No-one came to help, of course – mainly because there was no-one around. But all this is ironic, given that I read a piece a week or so back by a keen cyclist, saying he wanted to ride, but wasn’t going to, because if he got hurt then he’d be taking much-needed resources from the NHS.
“That’s very noble,” I thought, and then proceeded to completely ignore the implied advice.
No longer. From now until this is over, I’ll be exercising indoors, or at most, in the garden. It’s a shame, because I do love to get out on the bike, especially in the spring. But everyone has to put up with limitations during this, and this is a pretty minor one.
Wear a Mask! And Celebrate Your Immune System
Yesterday’s XKCD “Pathogen Resistance” turns things round and shows the current crisis from the point of view of the virus. It is genius. And even has a Watchmen reference in the mouseover text.1
But more importantly, and unrelated: it turns out that wearing a mask — any kind, even just a scarf– will help to reduce the spread of the virus. This is contrary to what we were told initially, but it makes complete sense even without technical analysis. Anything coming between someone else’s droplets and your lungs, or your droplets and someone else’s lungs, is better than nothing coming between them.

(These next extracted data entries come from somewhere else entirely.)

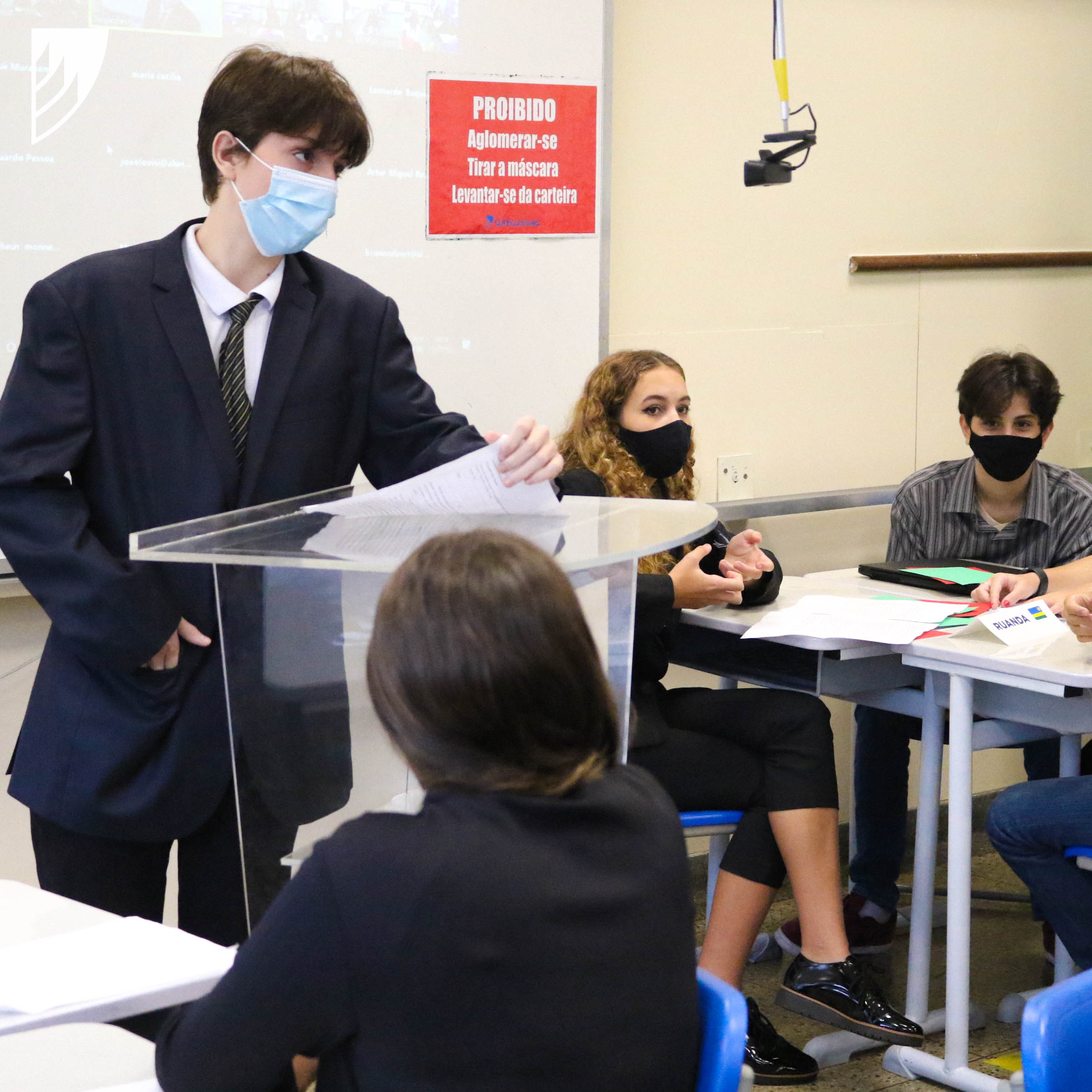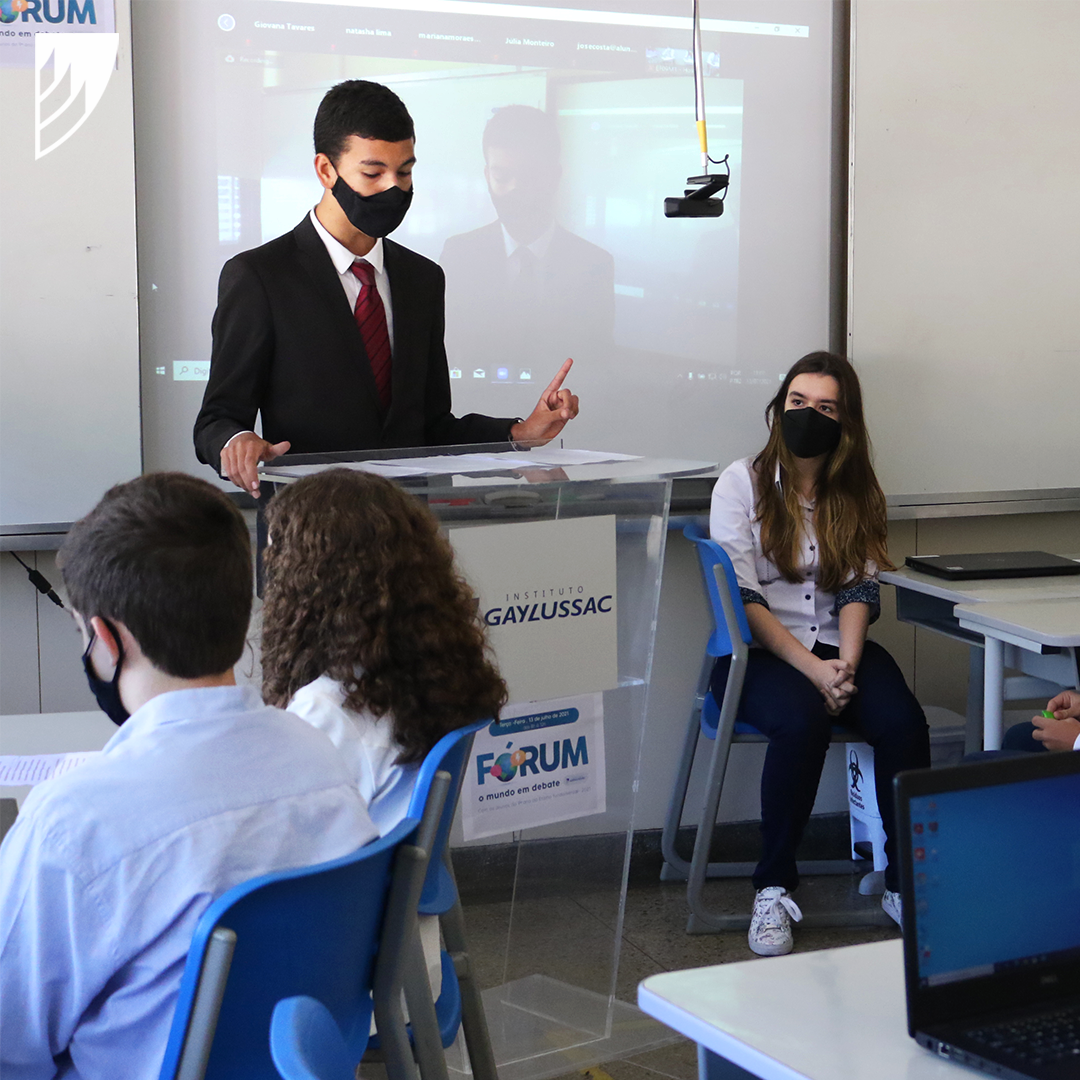 Os alunos do 9º ano apresentaram, em julho, suas delegações e argumentos acerca dos interesses e assuntos internacionais estudados em sala de aula. O Fórum é um projeto que exercita a diplomacia, instiga a reflexão sobre temas contemporâneos e trabalha habilidades como a oratória e persuasão.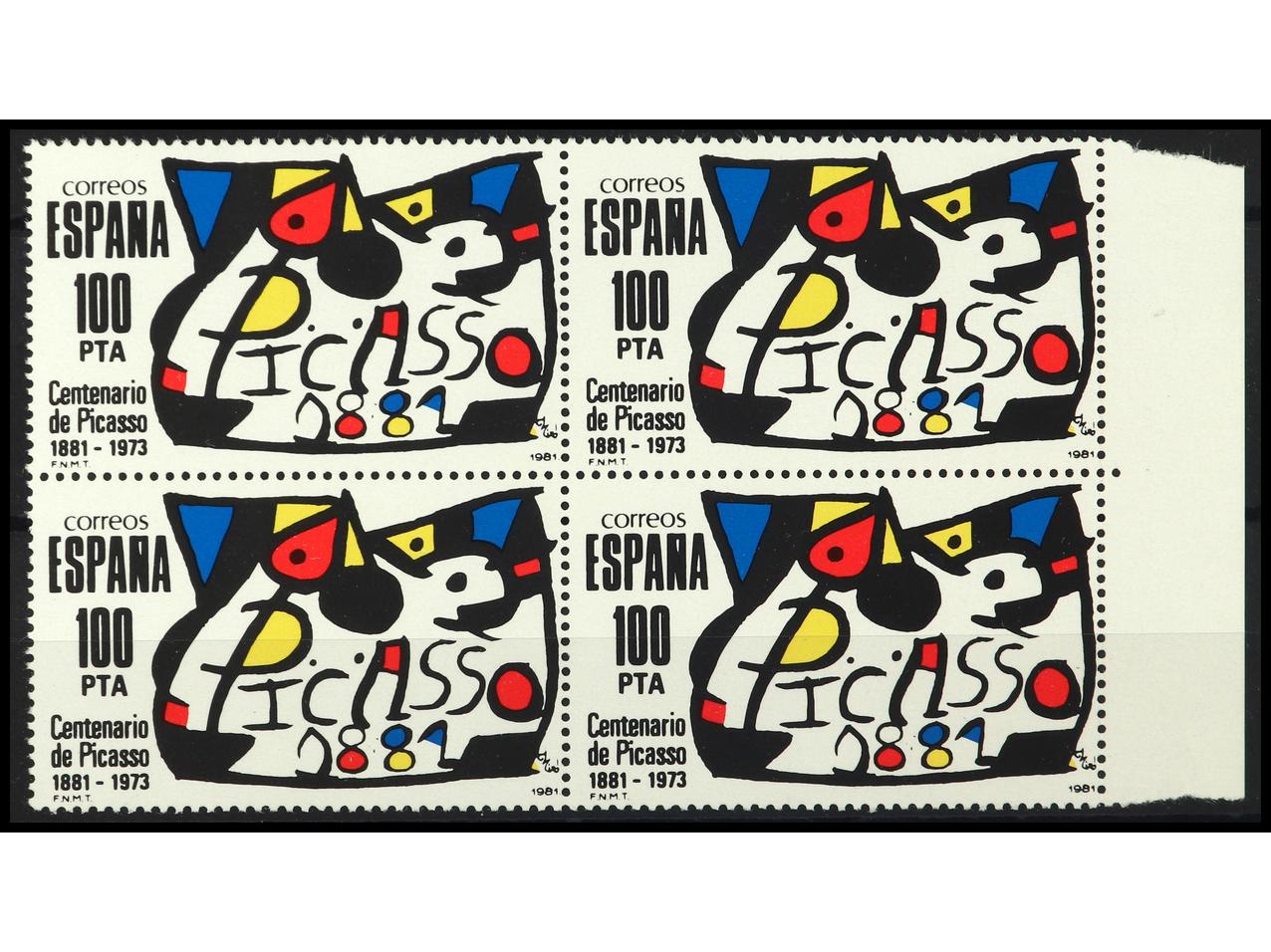 ESPAÑA. PICASSO. 100 pts. en bloque de 4. FALSO POSTAL. Borde de hoja. Ed.2609F(4). (Image1)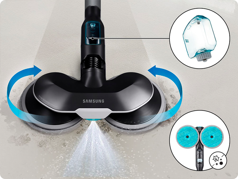 Очищайте тверді поверхні за допомогою Щітки для вологого прибирання, що активно обертається з розпилювачем. Дві подушечки стали більшими і важчими, обертаються зі швидкістю 260 об/хв протягом 100 хвилин.
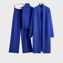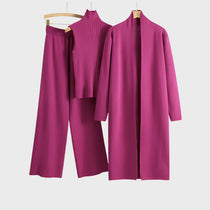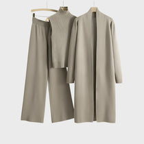 Открийте безпроблемна изтънченост с нашия трикомпонентен плетен комплект. Изработен от висококачествени, меки на допир материи, комплектът включва елегантен плетен топ, панталон със свободна кройка и съответстващ плетен кардиган. Идеален за релакс у дома или за специални поводи, този универсален комплект предлага безупречна комбинация от комфорт и елегантност.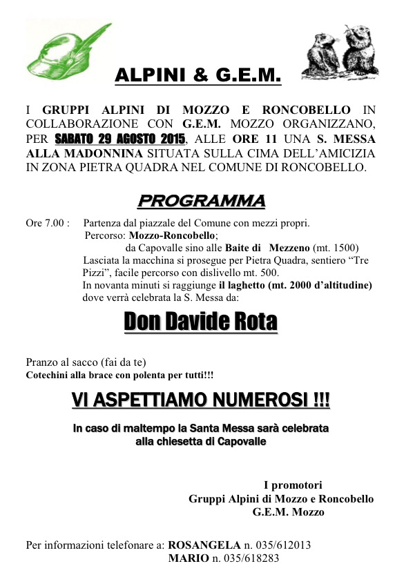 Mozzo/Gem-Alpini: a Roncobello il 29 agosto admin27 agosto 2015blog post Navigazione articoli PrecedenteContinua Condividi:CondivisioneTweet Fai clic qui per stampare (Si apre in una nuova finestra) Stampa Fai clic per inviare un link a un amico via e-mail (Si apre in una nuova finestra) E-mail Mi piace Caricamento... Correlati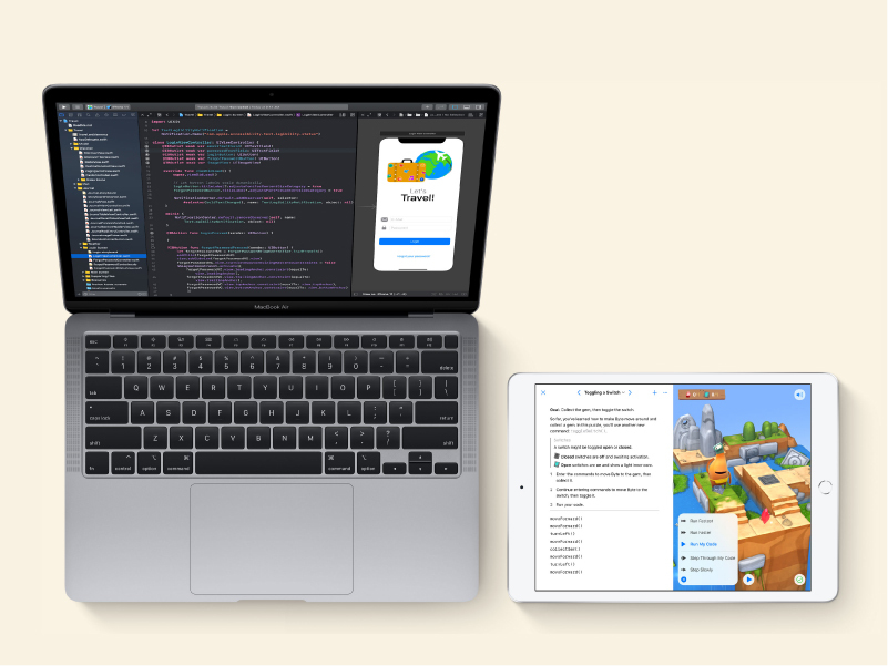 iPad 有程式編輯學習 App 由 Apple 所設計的「Swift Playgrounds App」可讓學生在 iPad 上學習編輯真正的 Swift 程式語言,藉由遊戲闖關的方式,循序漸進建立學生的程式邏輯概念。教師也可以參考 Apple Book 上免費的電子書「人人可編碼」安排課程內容,引領學生學習真正的開發語言,不再只是拖拉方塊建立抽象概念而已,還能動手真正寫出自己的可執行性 App。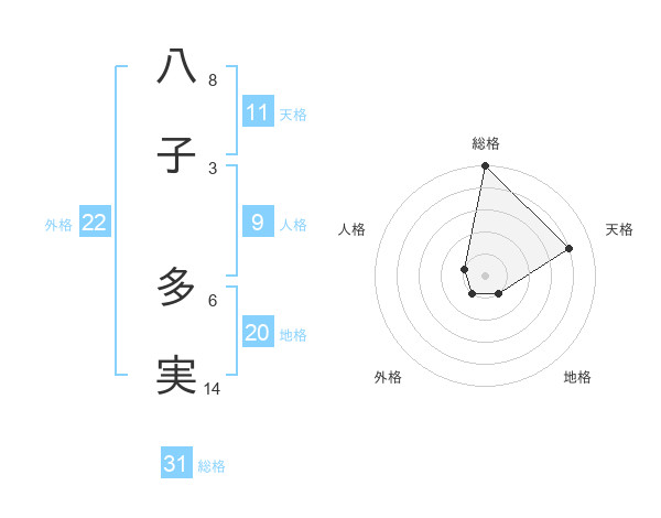八子 多実さんの総格は31画の5点!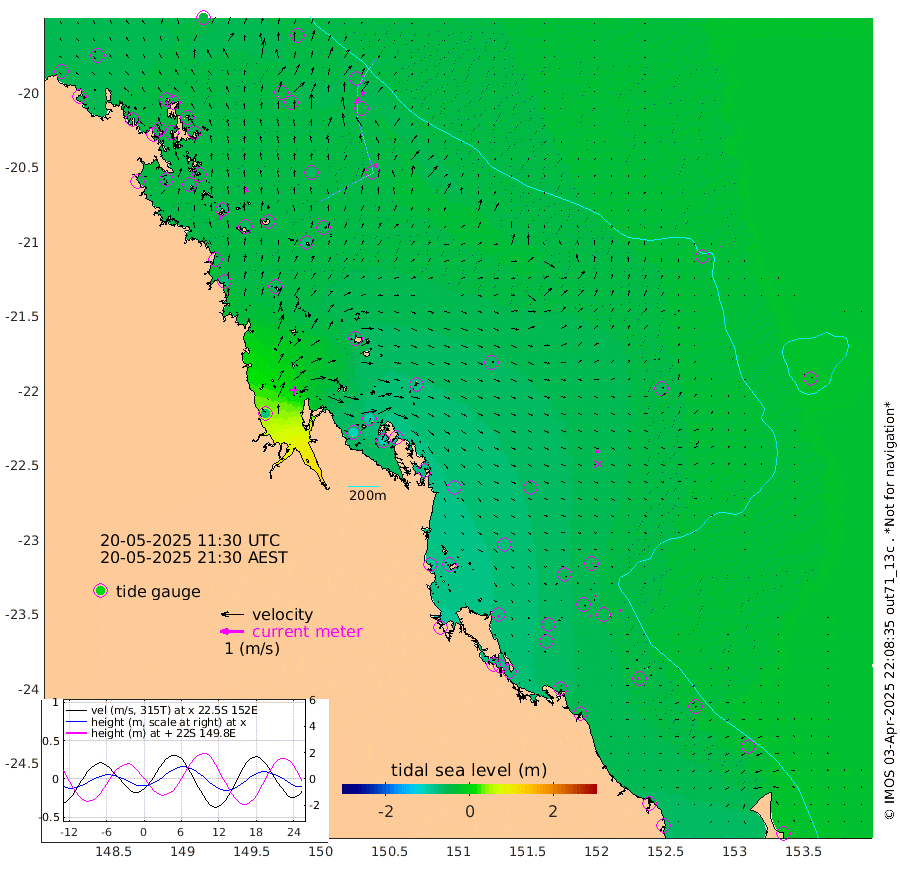 17cm/s -4T +10cm/s rms + 2cm/s 5T. Brampton I 18m 21cm/s -13T +9cm/s rms + 6cm/s 66T. Wigton I 38m 4cm/s -2T +7cm/s rms + 8cm/s 141T. Tern I 47m 20cm/s 8T +7cm/s rms + 12cm/s 54T. N Bugatti Rf 64m 31cm/s 35T +3cm/s rms + 13cm/s 178T. W Bugatti Rf 70m 13cm/s -8T +3cm/s rms + 3cm/s -130T. Creal Rf 69m 5cm/s 59T +7cm/s rms + 4cm/s 2T. North Rf 62m 10cm/s 165T +9cm/s rms + 2cm/s -56T. Cape Capricorn 26m 9cm/s -92T +5cm/s rms + 3cm/s 166T. L Musgrave I 42m 4cm/s -80T +9cm/s rms + 1cm/s -142T. Round Hill Hd 26m 2cm/s -2T +41cm/s rms + 48cm/s 116T. GBRELR 305m 10cm/s 96T +7cm/s rms + 6cm/s 123T. GBRCCH 92m 4cm/s 37T +8cm/s rms + 3cm/s -33T. GBRHIN 45m 3cm/s -52T +4cm/s rms + 2cm/s 41T. GBRHIS 46m 10cm/s -6T +16cm/s rms + 4cm/s -22T. GBROTE 59m -64cm Bell Cay -47cm Holbourne I -63cm Tern I -42cm Bugatti Rf -46cm Creal Rf -40cm White Tip I -53cm North Rf -73cm Rundle I -36cm L Musgrave I -27cm Saumarez Reef -47cm Kennedy Reef -44cm Unnamed Reef No. 2 -51cm Abbot Point -51cm Bowen -44cm Tideway Reef -55cm Hayman Island -49cm Square Reef -49cm Double Bay -52cm Molle Island -56cm Cid Harbour -45cm Hook Island -51cm Border Island -52cm Haslewood Island -51cm Shute Harbour -47cm Thomas Island -62cm Credlin Reef -62cm East Repulse Island -59cm Blacksmith Island -51cm Laguna Quays -68cm Carlisle Island (Off) -64cm St. Bees Island -62cm Scawfell Island -74cm Penrith Island -62cm Mackay Outer Harbour -67cm Hay Point -57cm Prudhoe Island -78cm Middle Island (Percy Isles) -65cm Gannet Cay -30cm Elusive Reef -77cm Mcewin Islet -96cm Mumford Island -106cm Osborn Island -111cm Marquis Island -102cm Reef Point -81cm High Peak Island -82cm Port Clinton -76cm Peaked Island -54cm Karamea Bank -66cm Johnson Patch - NW -88cm Rosslyn Bay -88cm Middle Island (Keppel Isles) -101cm Port Alma -52cm Heron Island -52cm One Tree Islet -58cm Polmaise Reef -54cm Tryon Island -66cm Rock Cod Shoal -70cm Gatcombe Head -82cm Gladstone -78cm South Trees (Storm Surge) -53cm Clews Point -48cm Round Hill Head -31cm Lady Elliot Island -28cm Breaksea Spit -56cm Bundaberg (Burnett Heads) -62cm Elliot Heads -18cm Waddy Point (Fraser Island)

It’s like wearing a cycling helmet: I’ve always thought that something between my head and the ground, should I come off, is better than nothing.
And there are designs online for making masks out of any old cloth. I feel #blessed that my daughter has an A-level in textiles and a sewing machine.
On the question of masks, though, something has been confusing me since this all started. And to an extent, before that, really, when I’d occasionally see people out and about wearing what appeared to be a hospital-style mask. Which is, where did people get such things? How did they come to have what looked like professional medical supplies in their private possession? Aren’t these things controlled?
Clearly not, for the last one. And I wondered why? Why did people have them? Now, that seems like a foolish question. And it ignores the cultural differences, whereby in parts of Asia it’s considered rude not to wear a mask if you are sick. Makes sense, though I always wonder how horrible it is if you sneeze while wearing one.
- “We’re not trapped in here with the coronavirus. The coronavirus is trapped in here with us.” ↩
Good piece by Margaret Atwood about… what everything’s about, these days.
Any child growing up in Canada in the 1940s, at a time before there were vaccines for a horde of deadly diseases, was familiar with quarantine signs. They were yellow and they appeared on the front doors of houses. They said things such as DIPHTHERIA and SCARLET FEVER and WHOOPING COUGH. Milkmen – there were still milkmen in those years, sometimes with horse-drawn wagons – and bread men, ditto, and even icemen, and certainly postmen (and yes, they were all men), had to leave things on the front doorsteps. We kids would stand outside in the snow – for me, it was always winter in cities, as the rest of the time my family was up in the woods – gazing at the mysterious signs and wondering what gruesome things were going on inside the houses. Children were especially susceptible to these diseases, especially diptheria – I had four little cousins who died of it – so once in a while a classmate would disappear, sometimes to return, sometimes not.
This video on how to deal with your food shopping is good. I’m alarmed to hear that some coronaviruses can live frozen for — two years, I think he said? So buying open bread from the bakers and freezing it is probably not as safe as I had thought.
I just got a text from the government about the new regime. I assume everyone did. I didn’t know they could do that. It just has this link.